Pour ajouter à l’effet de «résonance», on réalise que la hausse des taux d’intérêt rend plus difficile l’accès à la propriété. Donc, cela maintient la demande élevée pour des logements locatifs. Comme le taux d’inoccupation au Canada est de 1,9% selon la SCHL, on se retrouve dans un marché en manque de logements. De plus, les règles de qualification resserrées au cours des dernières années empêchent une tranche des locataires d’opter pour un éventuel rôle de propriétaire. Rien pour aider à maintenir l’offre de logements abordables.
Les trois dépenses les plus importantes des ménages canadiens selon Statistique Canada sont (outre l’impôt) : le logement, la nourriture et le transport. On ne finance peut-être pas la nourriture, mais l’effet cumulé de l’endettement finit par se refléter dans le financement au global. Toute cette cascade nous amène aux véhicules. Le taux de financement d’un véhicule neuf peut se négocier à plus de 6%, parfois même à plus de 8%. On est loin des années à 0,9%, n’est-ce pas ? Le consommateur qui doit s’acheter un véhicule a deux choix : réduire son ambition ou décaisser davantage.

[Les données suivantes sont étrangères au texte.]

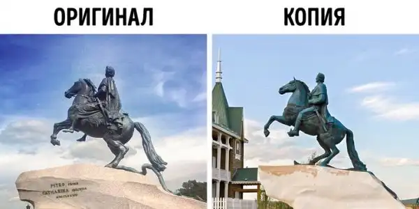 В парке находятся не только копии зданий, но и несколько известных скульптур из разных городов России. Кроме «Медного всадника», здесь можно найти и памятники Пушкину, Тургеневу, Гагарину, а также скульптуру «Рабочий и колхозница» и уменьшенную копию монумента «Родина-мать».
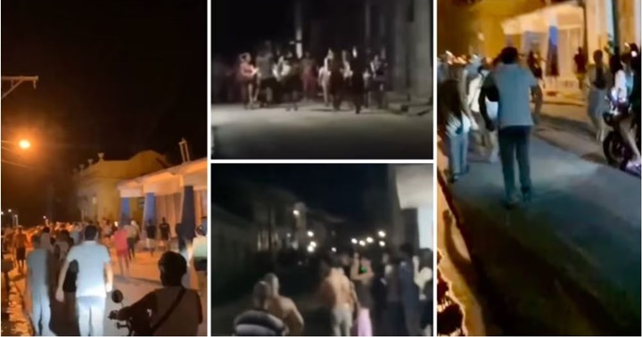En un video, a pesar de la oscuridad, se perciben decenas de personas fuera de sus casas y se escucha el cacerolazo. Todo el día sin corriente, la pusieron 30 minutos y nada, lamenta el hombre. En otra filmación se ve a varios manifestantes defendiendo a unos jóvenes de ser arrestados por un policía: ¡Al pueblo no!, gritan. Eso es lo que hace falta aquí, dice una voz de mujer en otro video. La escena ocurre en una de las calles principales de la localidad que está, sorprendentemente iluminada mientras el resto de Gibara se mantiene a oscuras. El pueblo unido jamás será vencido, fue otra de las consignas que coreaban los vecinos y que quedaron registradas en imágenes difundidas en Facebook.
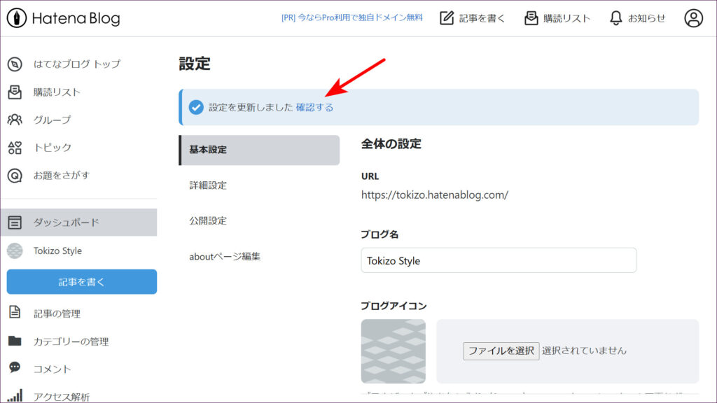 設定が更新され、ブログタイトルが変更されました。「確認する」をクリックすると、実際のブログにアクセスできます。
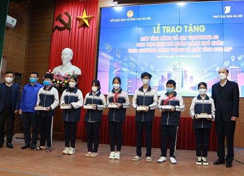 Tiếp đó, ngay đầu tháng 10/2021, VNPT Hà Nội đã là một trong những doanh nghiệp đầu tiên thực hiện cam kết tặng máy tính bảng trong chương trình “Sóng và máy tính cho em”. Trong khuôn khổ chương trình, VNPT Hà Nội đã đồng hành cùng Thành đoàn - Hội sinh viên Thành phố Hà Nội tổ chức trao tặng 40 thiết bị điện tử và sim 4G VinaPhone cho các em học sinh có hoàn cảnh khó khăn trên địa bàn Thành phố. Đây là những chiếc máy tính bảng đầu tiên của chương trình đã được VNPT Hà Nội trao tận tay cho các học sinh tại Hà Nội.
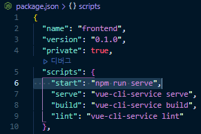 아래 그림을 보면 package.json 파일 안에 scripts 부분에 start라는 문구를 저장했다. 그럼 npm start만 입력해도 알아서 npm run serve가 실행된다.
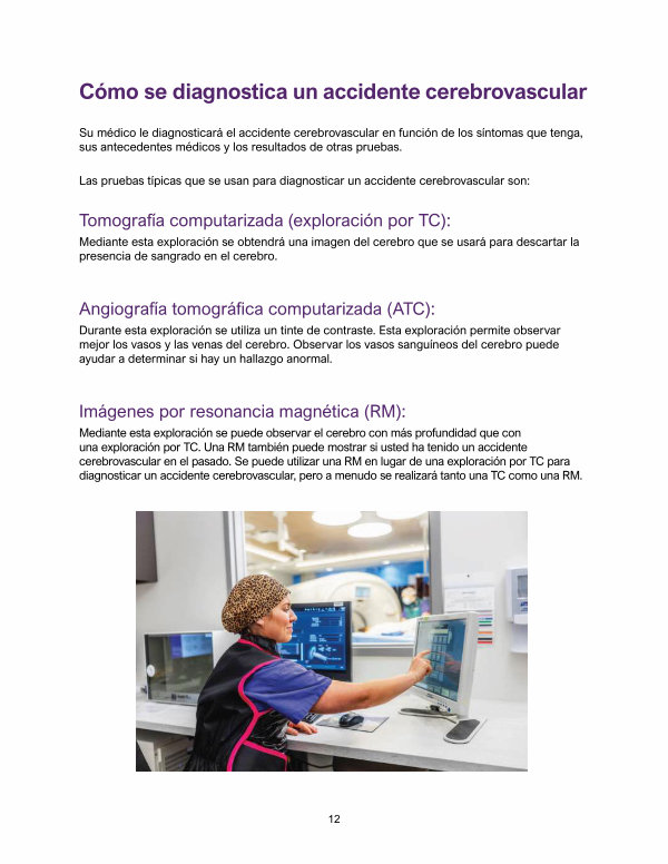 Las pruebas típicas que se usan para diagnosticar un accidente cerebrovascular son:
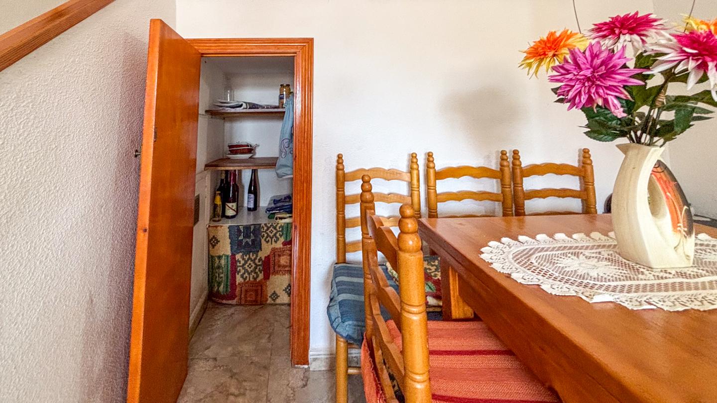 En la planta superior se ubican dos dormitorios dobles y un baño completo. El dormitorio principal cuenta con armario empotrado y acceso directo a un balcón privado. La vivienda ofrece además espacio de almacenaje extra para mayor comodidad.

On fait grand état de la pénurie de main-d’œuvre, mais ce ne sont pas tous les employés et travailleurs autonomes qui seront à même de pouvoir négocier une hausse du revenu proportionnelle à l’inflation. La preuve, même le gouvernement Legault offre 9% d’augmentation sur 5 ans aux employés de l’État en plus d’un petit cadeau forfaitaire, donc non récurrent. Comme quoi, on a beau subir l’inflation, ça ne veut pas dire qu’on va nous dédommager proportionnellement.
Les familles confrontées à cet effet domino n’auront d’autres choix que d’éventuellement compresser fortement les dépenses pour équilibrer le budget. Les entreprises verront leur marge nette d’effriter et les consommateurs devenir plus frileux.
Difficile d’expliquer à ses ados que le party financier est fini. Que l’impulsivité doit faire place à une planification plus serrée des finances. Difficile de changer de discours et d’adopter un langage d’austérité budgétaire. Devant l’insouciance du passé, on se frappe de plein fouet au mur de la réalité. On n’a plus de fun, et ce n’est pas déductible. On devra attendre encore quelques mois pour constater l’effet réel des hausses du taux directeur. N’empêche, c’est la fin de l’argent gratuit, last call pour une dernière folie, le portier allume les lumières et Semisonic chante «closing time».